The self-described "hippie mama" said she looked forward to breast-feeding long before she had children.
"I knew it was the very best thing for my baby," she said. "I wanted to give them that gift for as long as I could and that's what I did."
She nursed her older daughter - now 4 years old - until she was eight-and-a-half months pregnant with Autumn. In all that time she never had a problem nursing in public, she said.
"I have breast-fed in a few different countries. I have breast-fed all over the place," she said. "No one has ever said anything to me."
Virginia was one of the last states to pass a law protecting a woman's right to breast-feed in public.
Prior to passage, women in Virginia had the right to nurse their babies on state-owned property, but restaurants and other privately owned businesses that were open to the public could prohibit it.
Under identical bills, mothers were permitted to breast-feed anywhere they are "lawfully present". The measures cleared the Republican-controlled House and Senate without opposition and were signed into law by Democratic Governor Terry McAuliffe.
Geller, who advocated for the 2015 law, said she has seen other breast-feeding flare ups since the law passed, but usually organisations are quick to reverse their policies when they learn about it.

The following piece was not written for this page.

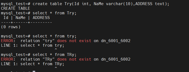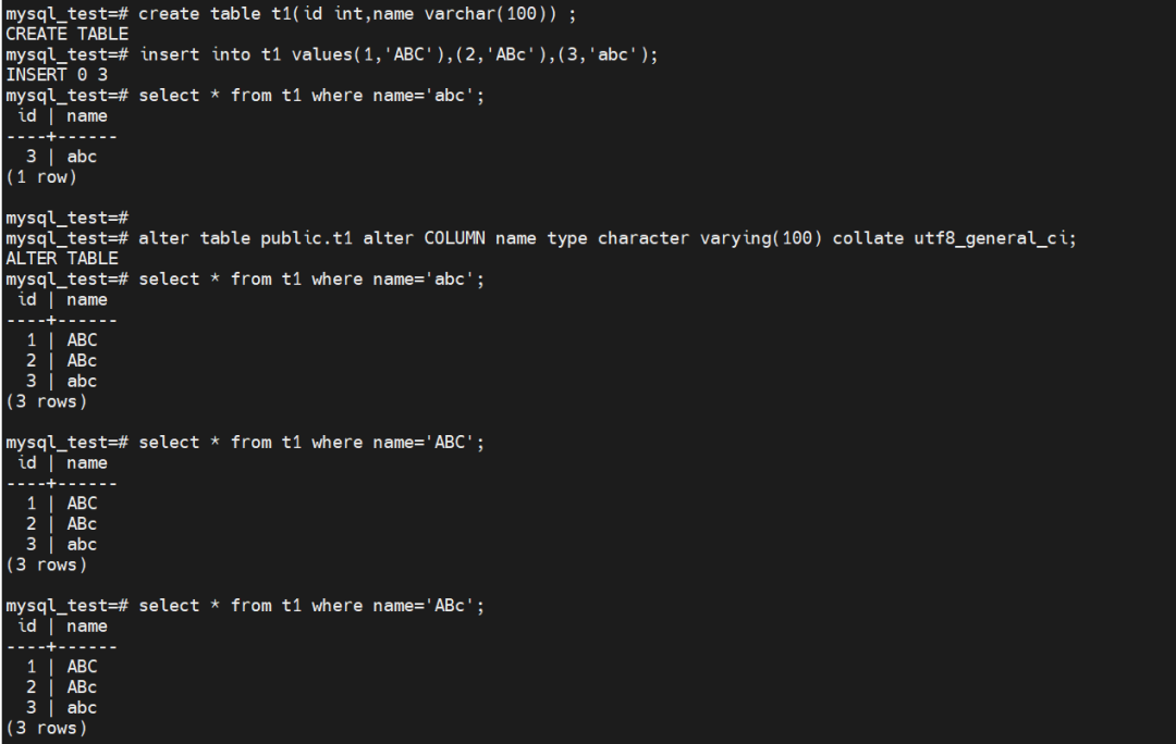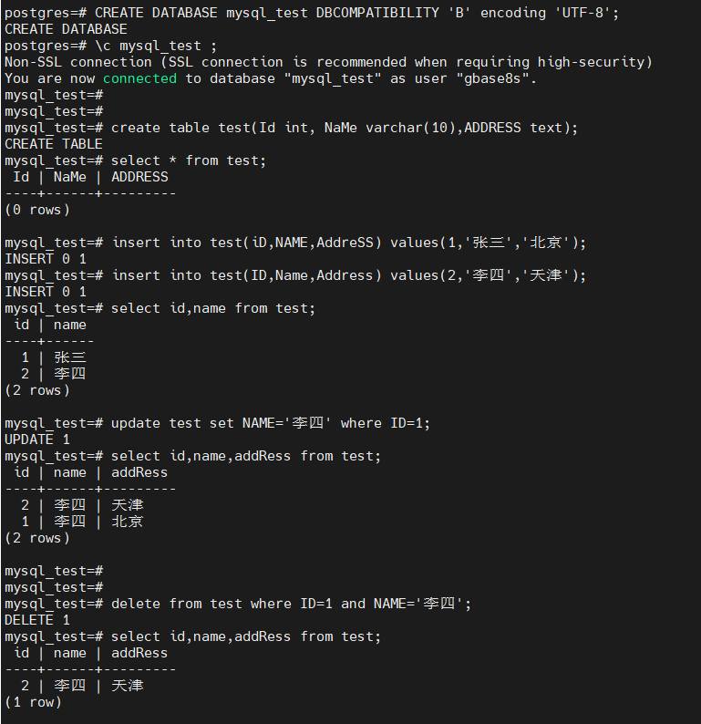 # 创建兼容 MySQL 的数据库CREATE DATABASE mysql_test DBCOMPATIBILITY 'B' encoding 'UTF-8';# 创建 test 测试表(列名大小写混写)create table test(Id int, NaMe varchar(10),ADDRESS text);select * from test;insert into test values(1,'张三','北京');insert into test values(2,'李四','天津');select id,name from test;update test set NAME='李四' where ID=1;select id,name,addRess from test;delete from test where ID=1 and NAME='李四';select id,name,addRess from test;
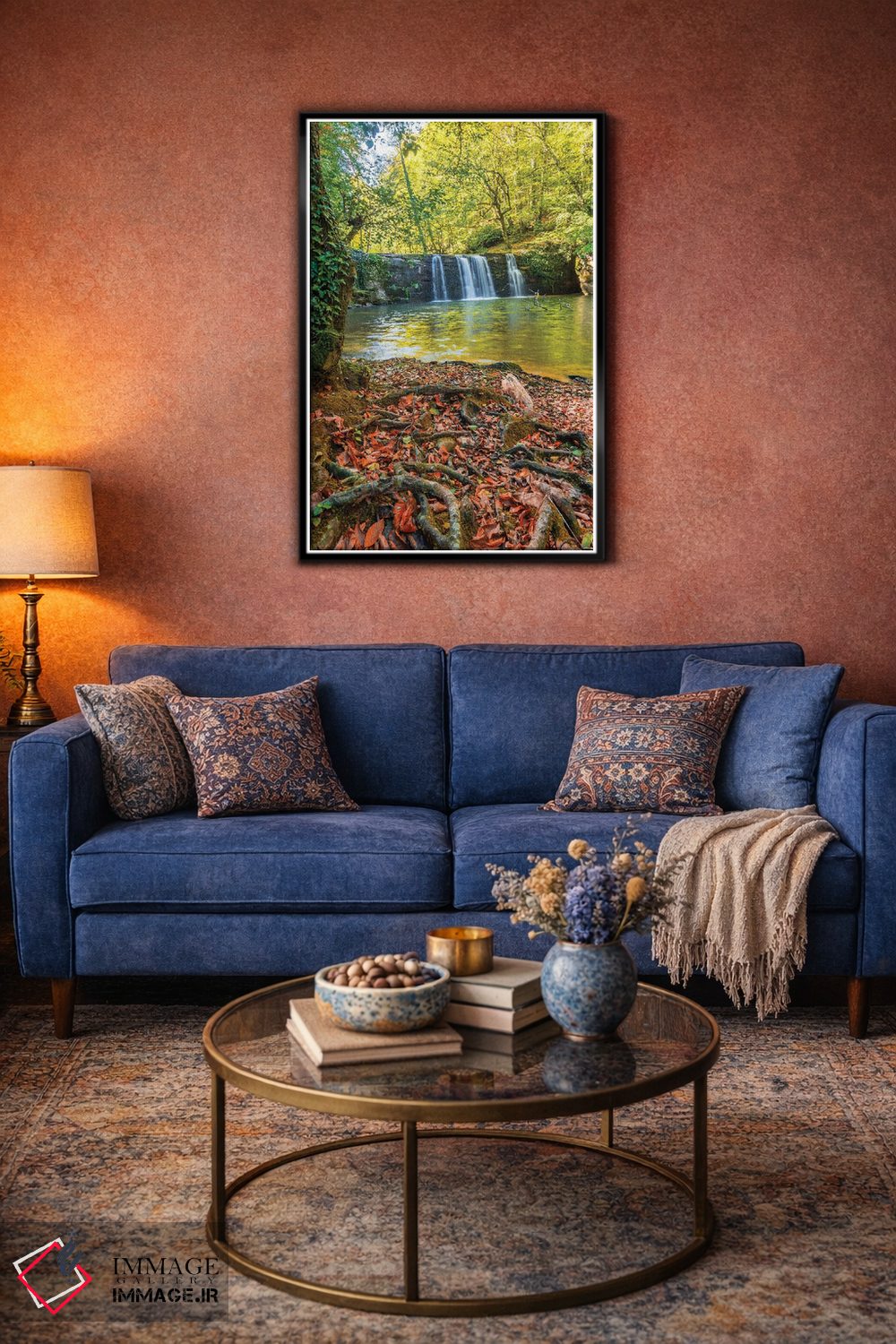 اگر میخواهید اثر برجستهتر شود، قرمز را در فرش یا پرده (بهصورت خیلی کم) در نظر بگیرید تا ترکیببندی قویتر شود. انتخاب قاب هم میتواند این اکسنت را تقویت کند.

She is "stunned" that the church has not followed suit, she said.
"Breast-feeding is hard enough for moms alone, much less when you have barriers," Geller said. "Why should she have to choose between feeding her child and being able to pray?"
Peguero said she has only attended the non-denominational church a half-dozen times, but she found it at a critical moment in her life.
She went for the first time in January on her birthday, hours after she broadcast a live video on Facebook asking for help her find her birth mother.
After the service, a friend introduced her to the pastor who prayed with her about her search. "It was beautiful," she said.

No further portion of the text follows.